### What to work on
Write out the data word for word and omit every picture.

### Information provided
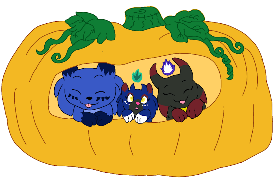 Three Chao in a plushie pumpkin pet bed.
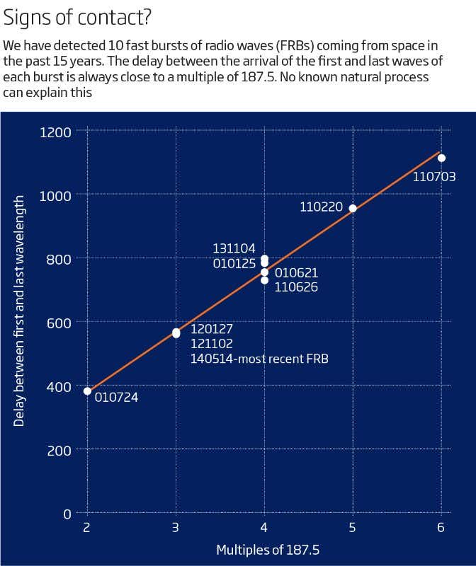 Michael Hippke of the Institute for Data Analysis in Neukirchen-Vluyn, Germany, and John Learned at the University of Hawaii in Manoa found that all 10 bursts’ dispersion measures are multiples of a single number: 187.5 (see chart). This neat line-up, if taken at face value, would imply five sources for the bursts all at regularly spaced distances from Earth, billions of light-years away. A more likely explanation, Hippke and Lerned say, is that the FRBs all come from somewhere much closer to home, from a group of objects within the Milky Way that naturally emit shorter-frequency radio waves after higher-frequency ones, with a delay that is a multiple of 187.5 (arxiv.org/abs/1503.05245).
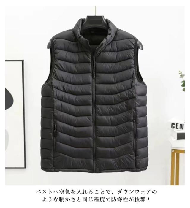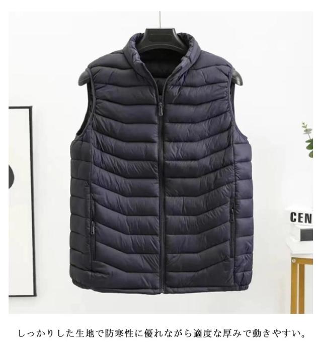 ダウンベスト メンズ スタンドカラー 暖か 軽量 防寒 中綿ベスト アウトドア 秋冬 ライトダウン ダウンジャケット 中綿 フェイクダウン ノースリー ブジャケット おしゃれ インナーベスト 無地 カジュアル 秋 冬 大人 男性
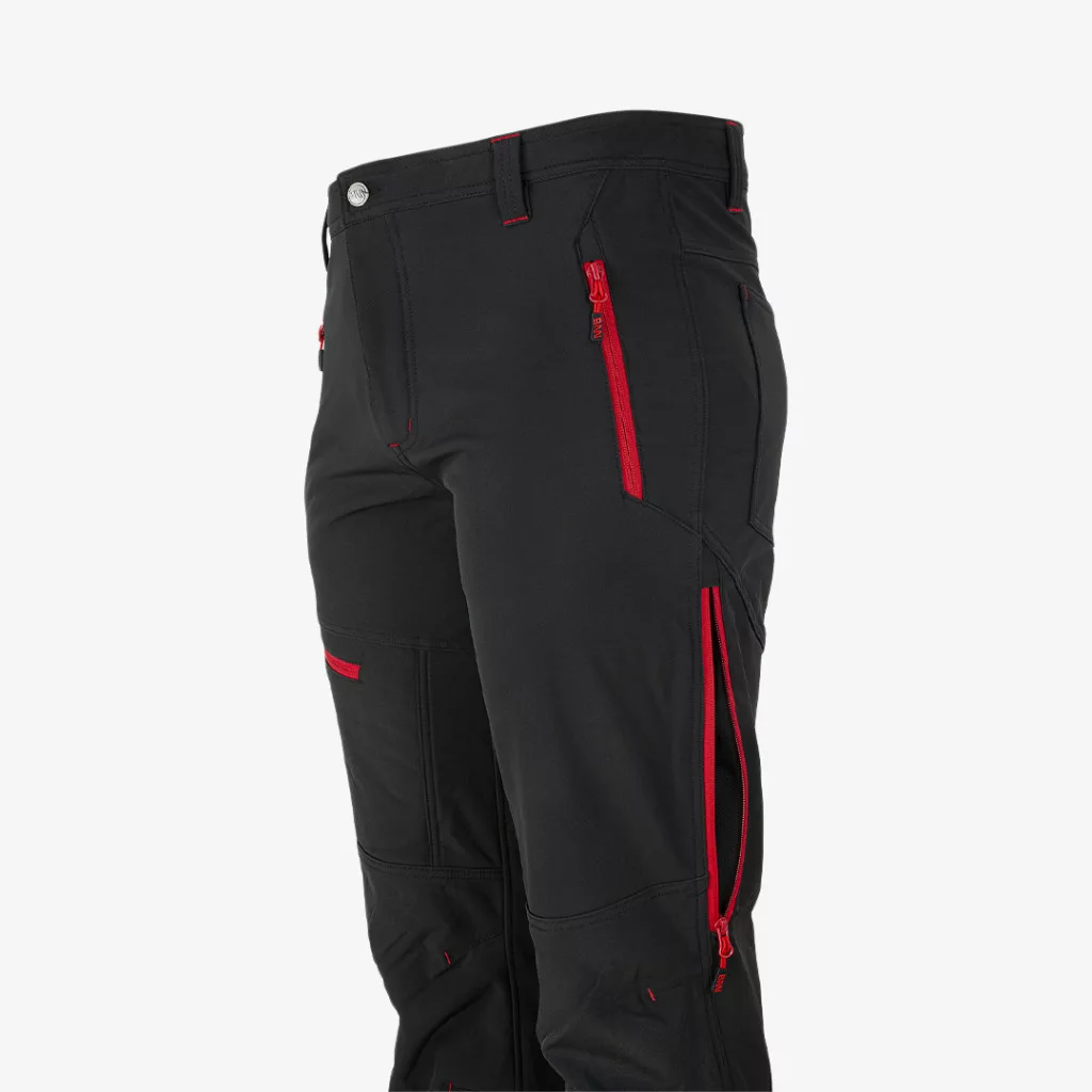 Modern megjelenésű, kényelmes és rugalmas kialakítású Bennon munkaruha deréknadrág, számos praktikus zsebbel, víz- és széllálló softshell anyagból. Szabadidős tevékenységekhez is ideális választás.
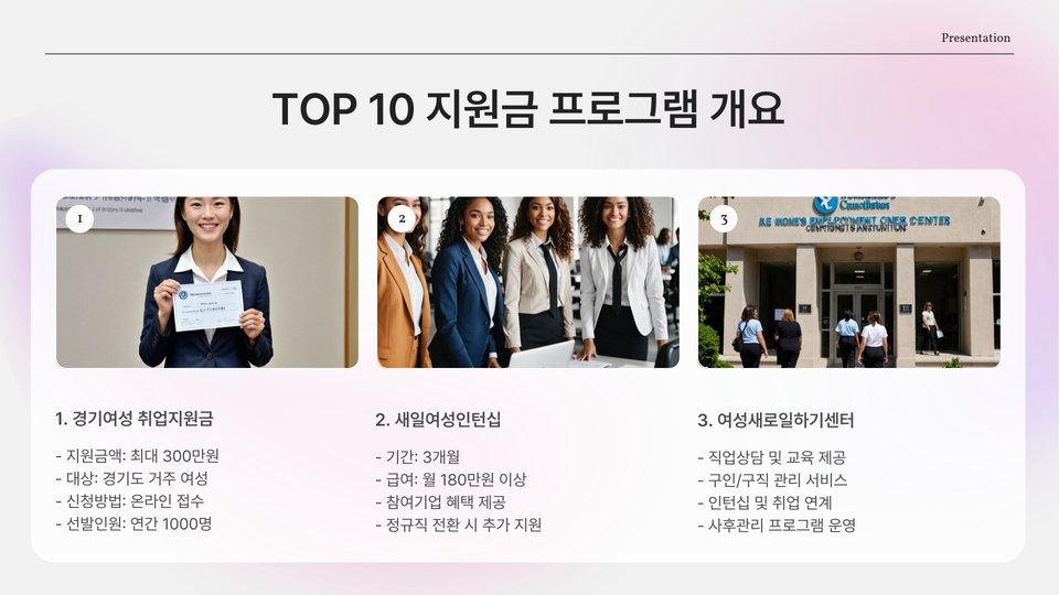 다음으로 경력단절여성을 위한 TOP 10 지원금을 소개합니다. 각 지원금의 특징과 혜택을 간단하게 정리해 보겠습니다.
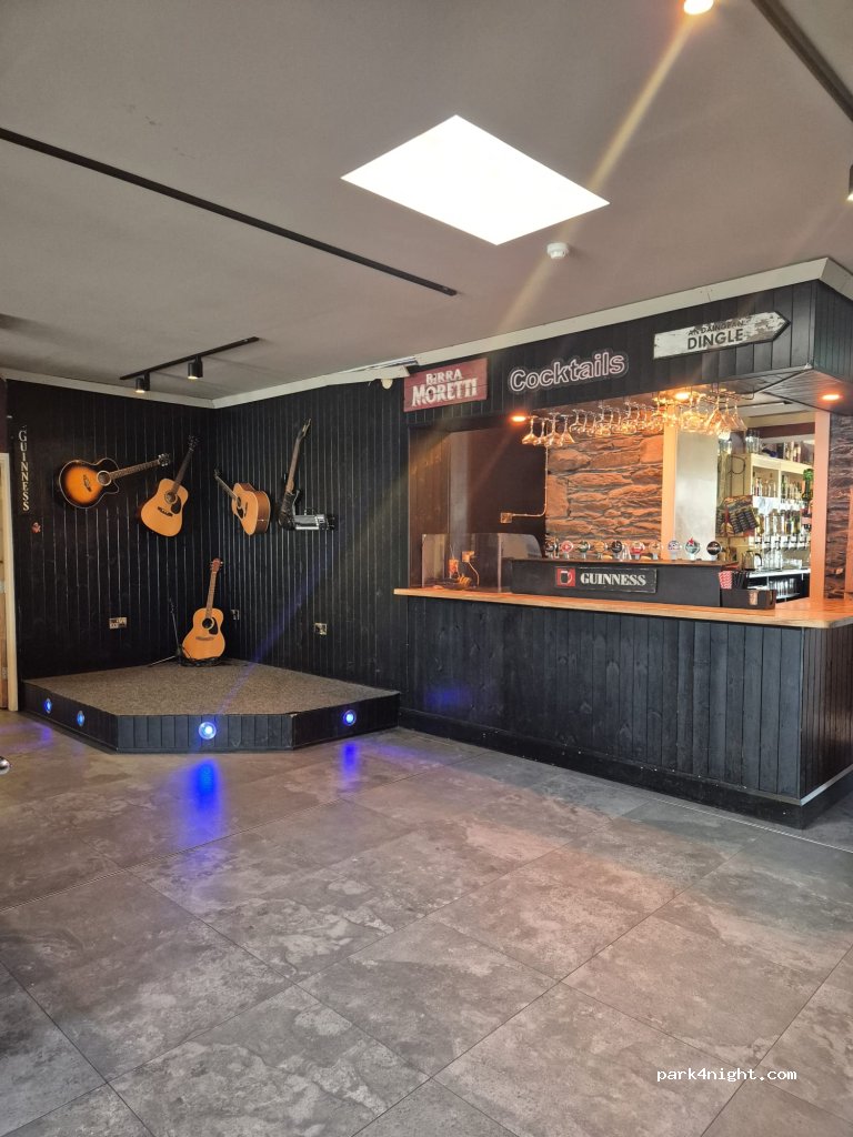 It’s a pub car park with amenities. Guys are friendly but booking is a pain. Luckily we arrived early and there was space. Filled up very quickly. Noisy at night. We thought €40 was steep for a pub car park! Price you pay for visiting Dingle or parking on the street……..
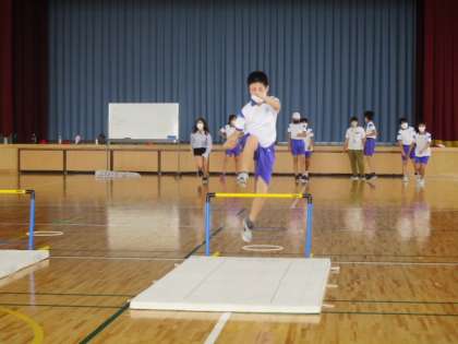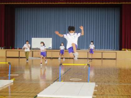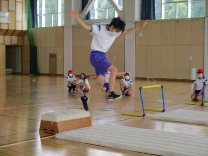 6年生は以前からこの練習をしていたので、空中での高さも段々高くなってきました。また3枚目の写真にあるように、跳び箱で踏み切り、空中姿勢を確かめる練習も新たに取り入れました。
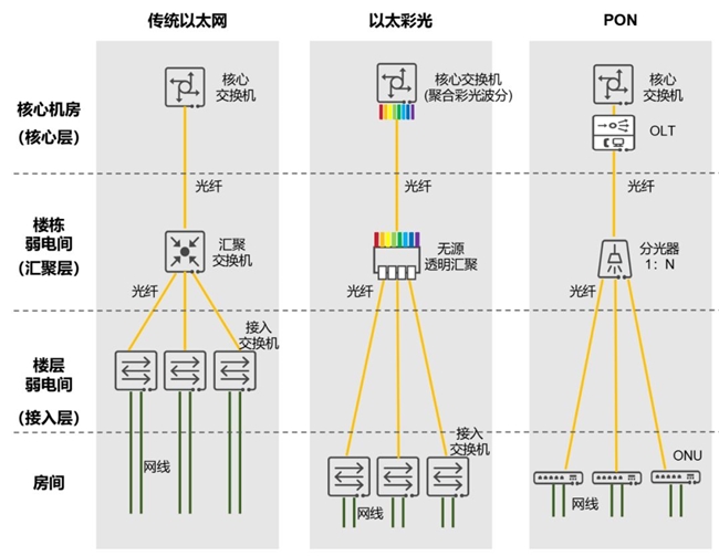 以太彩光方案中,每个接入交换机分配一个独立的、专属的波长,接入交换机到汇聚交换机是独享带宽,不存在争抢,而且时延也更低。
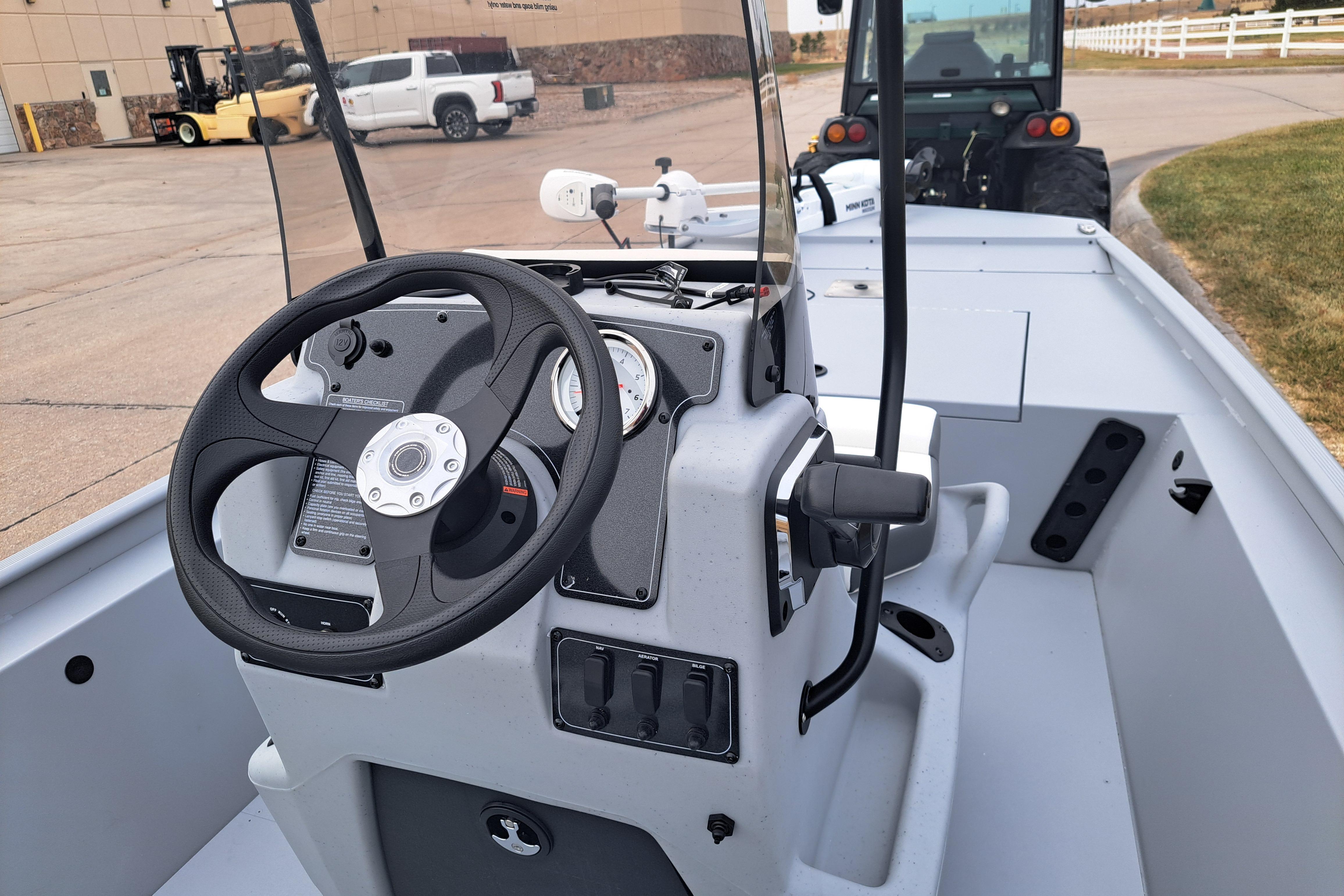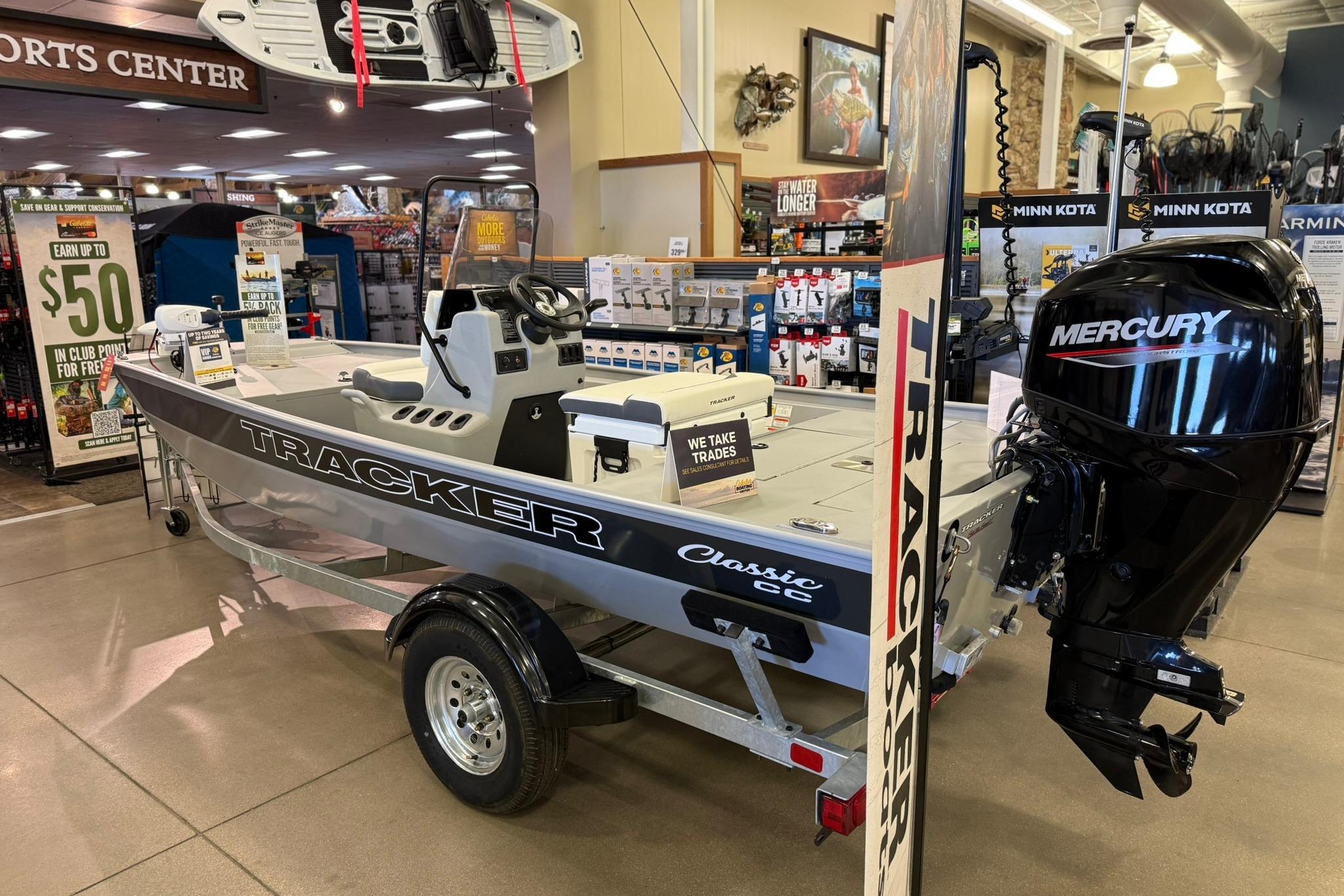 The TRACKER® Classic CC is the newest edition to the historical Classic lineup. Featuring 15-gal aerated livewell ensuring your catch stays fresh. Its molded one-piece construction with rounded corners allows for easy cleanup and added protection for your catch. The Minn Kota® Riptide® Maxxum® 12V trolling motor delivers 55 lbs. of thrust with a 52" shaft, providing reliable control on the water. The one-piece rotomolded console includes a tinted windscreen, drink holder, and 12V outlet, while the forward console seat offers padded comfort and storage. Five rod holders and a Garmin® STRIKER™ 4 fishfinder with GPS and CHIRP transducer enhance your fishing experience. Inside, there are two pedestal seat bases, elevated bow and aft casting decks with storage, a 94-qt. bow storage tub, and a padded 50-qt. cooler. Built with durable DIAMOND COAT™ powdercoat and all-welded aluminum construction, this boat offers unmatched strength and longevity. A custom-fit single-axle trailer completes this rugged, high-performance package.

### Final answer
 Three Chao in a plushie pumpkin pet bed.
 Michael Hippke of the Institute for Data Analysis in Neukirchen-Vluyn, Germany, and John Learned at the University of Hawaii in Manoa found that all 10 bursts’ dispersion measures are multiples of a single number: 187.5 (see chart). This neat line-up, if taken at face value, would imply five sources for the bursts all at regularly spaced distances from Earth, billions of light-years away. A more likely explanation, Hippke and Lerned say, is that the FRBs all come from somewhere much closer to home, from a group of objects within the Milky Way that naturally emit shorter-frequency radio waves after higher-frequency ones, with a delay that is a multiple of 187.5 (arxiv.org/abs/1503.05245).
 ダウンベスト メンズ スタンドカラー 暖か 軽量 防寒 中綿ベスト アウトドア 秋冬 ライトダウン ダウンジャケット 中綿 フェイクダウン ノースリー ブジャケット おしゃれ インナーベスト 無地 カジュアル 秋 冬 大人 男性
 Modern megjelenésű, kényelmes és rugalmas kialakítású Bennon munkaruha deréknadrág, számos praktikus zsebbel, víz- és széllálló softshell anyagból. Szabadidős tevékenységekhez is ideális választás.
 다음으로 경력단절여성을 위한 TOP 10 지원금을 소개합니다. 각 지원금의 특징과 혜택을 간단하게 정리해 보겠습니다.
 It’s a pub car park with amenities. Guys are friendly but booking is a pain. Luckily we arrived early and there was space. Filled up very quickly. Noisy at night. We thought €40 was steep for a pub car park! Price you pay for visiting Dingle or parking on the street……..
 6年生は以前からこの練習をしていたので、空中での高さも段々高くなってきました。また3枚目の写真にあるように、跳び箱で踏み切り、空中姿勢を確かめる練習も新たに取り入れました。
 以太彩光方案中,每个接入交换机分配一个独立的、专属的波长,接入交换机到汇聚交换机是独享带宽,不存在争抢,而且时延也更低。
 The TRACKER® Classic CC is the newest edition to the historical Classic lineup. Featuring 15-gal aerated livewell ensuring your catch stays fresh. Its molded one-piece construction with rounded corners allows for easy cleanup and added protection for your catch. The Minn Kota® Riptide® Maxxum® 12V trolling motor delivers 55 lbs. of thrust with a 52" shaft, providing reliable control on the water. The one-piece rotomolded console includes a tinted windscreen, drink holder, and 12V outlet, while the forward console seat offers padded comfort and storage. Five rod holders and a Garmin® STRIKER™ 4 fishfinder with GPS and CHIRP transducer enhance your fishing experience. Inside, there are two pedestal seat bases, elevated bow and aft casting decks with storage, a 94-qt. bow storage tub, and a padded 50-qt. cooler. Built with durable DIAMOND COAT™ powdercoat and all-welded aluminum construction, this boat offers unmatched strength and longevity. A custom-fit single-axle trailer completes this rugged, high-performance package.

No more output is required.